A key differentiator of the NVIDIA Nemotron-3 8B family of models is its multilingual capabilities, which make it ideal for global enterprise. Out of the box, these models are proficient in 53 languages, including English, German, Russian, Spanish, French, Japanese, Chinese, Italian, and Dutch.

The family of models also features a range of alignment techniques, including supervised fine-tuning (SFT), reinforcement learning from human feedback (RLHF), and the new NVIDIA SteerLM customization technique, where customers can tune models at inference. These variants provide a variety of starting points for supporting different use cases, whether customizing or running the models from scratch.

The Nemotron-3 8B family of models includes:

  • Nemotron-3-8B-Chat-SteerLM, a generative language model based on the NV-Nemotron-3-8B base model that is customized for user control of model outputs during inference using the SteerLM technique
  • Nemotron-3-8B-QA, a generative language model based on the NV-Nemotron-3-8B base model further fine-tunes for instructions for Question Answering.

NVIDIA-optimized community models

Additionally, NVIDIA offers leading community models that ‌are optimized using NVIDIA TensorRT-LLM to deliver the highest performance per dollar that organizations can customize for their enterprise applications. These include:

  • Llama 2 is one of the most popular LLMs capable of generating text from prompts.
  • Stable Diffusion XL is a popular Generative AI model that can create expressive images with text.
  • Code Llama is a fine-tuned version of the Llama 2 model that can generate code in several popular languages such as Java, C++, Python, and more.
  • Mistral 7B is an LLM that can follow instructions, complete requests, and generate creative text formats.
  • Contrastive Language-Image Pre-Training (CLIP) is a popular open-source model that understands images and text together, enabling tasks like image classification and object detection.

As developers identify the right foundation models, there’s an easy path for them to fine-tune and deploy these models either on their own or on NVIDIA-maintained infrastructure through NVIDIA DGX Cloud. 

Let’s walk through the steps to experience, customize, and deploy the fine-tuned Llama 2 model.

Experience Llama 2

NVIDIA offers an easy-to-use interface to interact with the Llama 2 model directly from your browser. Simply enter the text in the prompt field, click generate, and the model will begin generating informative responses instantly.
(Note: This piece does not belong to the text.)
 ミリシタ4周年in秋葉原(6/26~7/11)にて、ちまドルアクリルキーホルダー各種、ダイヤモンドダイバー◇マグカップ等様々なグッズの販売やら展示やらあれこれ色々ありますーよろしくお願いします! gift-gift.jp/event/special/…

In Figure 1, a user asked the model for an SQL query to retrieve the list of customers who spent at least $50,000 in the first quarter of 2021. The model interpreted the user’s query correctly and provided the answer with a detailed explanation.
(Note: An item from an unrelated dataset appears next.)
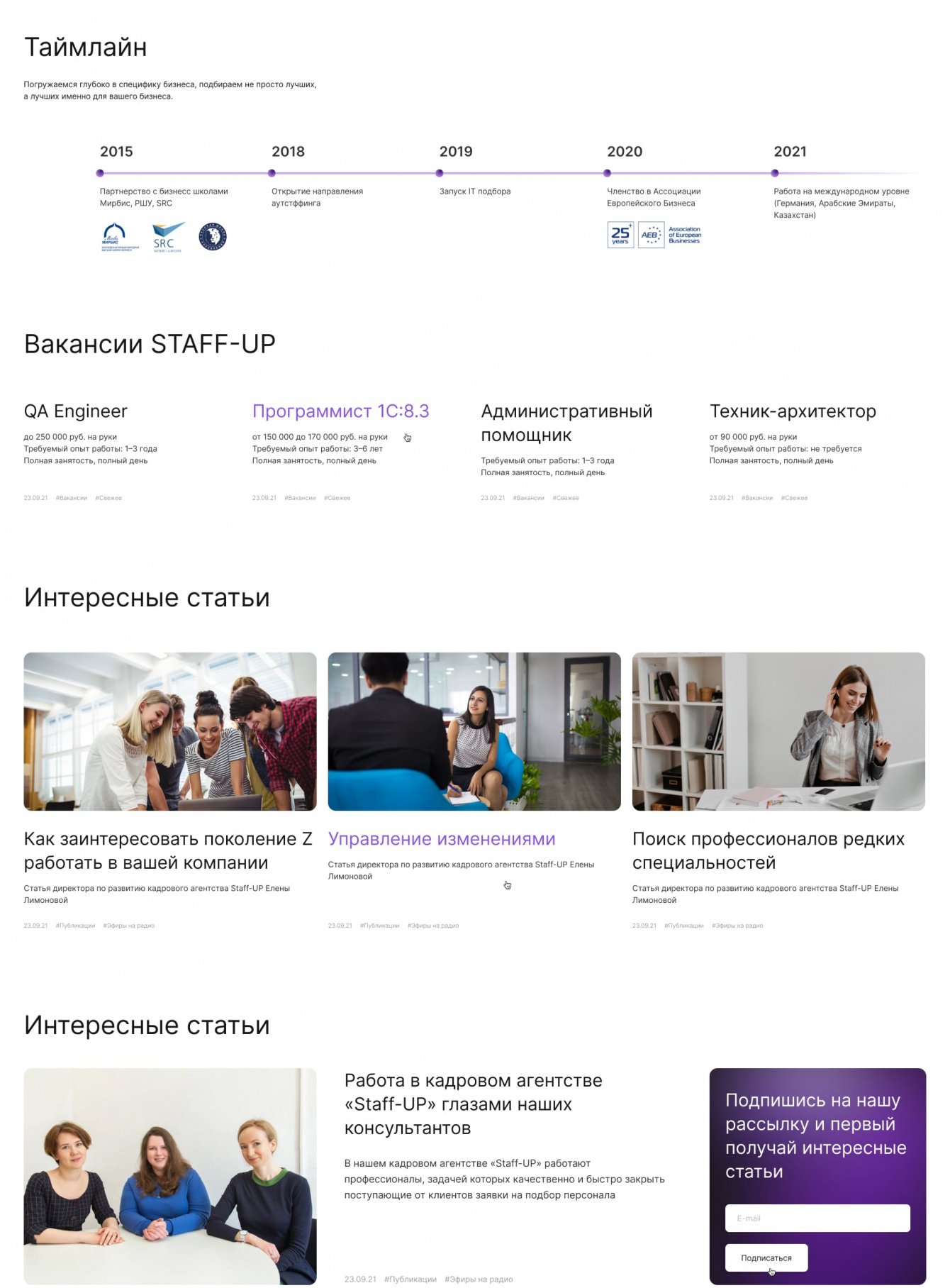 Создали множество шаблонов разделов, таких как блог, вакансии, страницы отраслей и множество других.

Screenshot of the Llama 2 model's response.Figure 1. Image of the Llama 2 model response for an SQL query to get the list of customers who spent at least $50,000 in the first quarter of 2021

Developers are often more interested in working with code. NVIDIA also offers an API widget directly in the browser, making it seamless to experience the models through an API.
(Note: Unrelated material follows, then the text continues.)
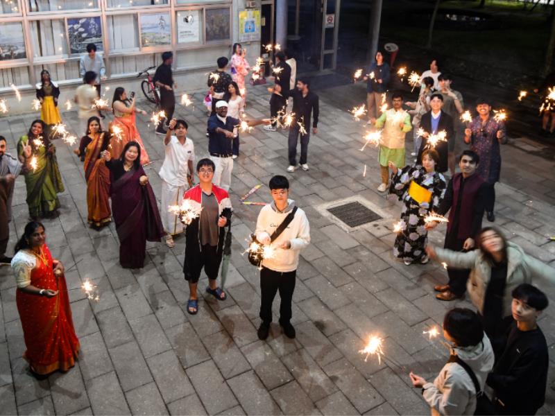 活動由印度學生介紹排燈節(Diwali)的由來,並帶領進行傳統祭拜儀式(Pooja)揭開序幕。會場以油燈(Diya)、萬壽菊花環,以及由本校印度學生親手製作的傳統地畫「藍國麗」(Rangoli)妝點,營造出濃厚且莊重的節慶氛圍。印度學生團隊亦精心準備道地手作印度點心與香料茶(Masala Tea),香氣四溢,吸引眾多師生排隊品嚐。學生們同時安排了魔術與舞蹈表演,傳遞排燈節象徵的喜悅、光明與共享精神。

To try the in-browser API, click on API mode, and select the language you prefer from the dropdown. Figure 2 shows the API instructions for calling the API through cURL.

Image showing the in-browser API widget for Llama 2 model for cURL.Figure 2. Picture of the in-browser API widget for the Llama 2 model for cURL

Customize the model

It’s often the case that the models don’t meet the developer’s ‌needs as-is and must be fine-tuned with proprietary data. NVIDIA offers various paths for customizing the available models.

NVIDIA NeMo is an end-to-end, enterprise-grade cloud-native framework for developers to build, customize, and deploy generative AI models with billions of parameters. NeMo also provides APIs to fine-tune LLMs like Llama 2.

To get started quickly, we are offering an NVIDIA LaunchPad lab—a universal proving ground, offering comprehensive testing of the latest NVIDIA enterprise hardware and software.

The following example in the LaunchPad lab experience fine-tunes a Llama 2 7B text-to-text model using a custom dataset to perform a Question-Answering task better.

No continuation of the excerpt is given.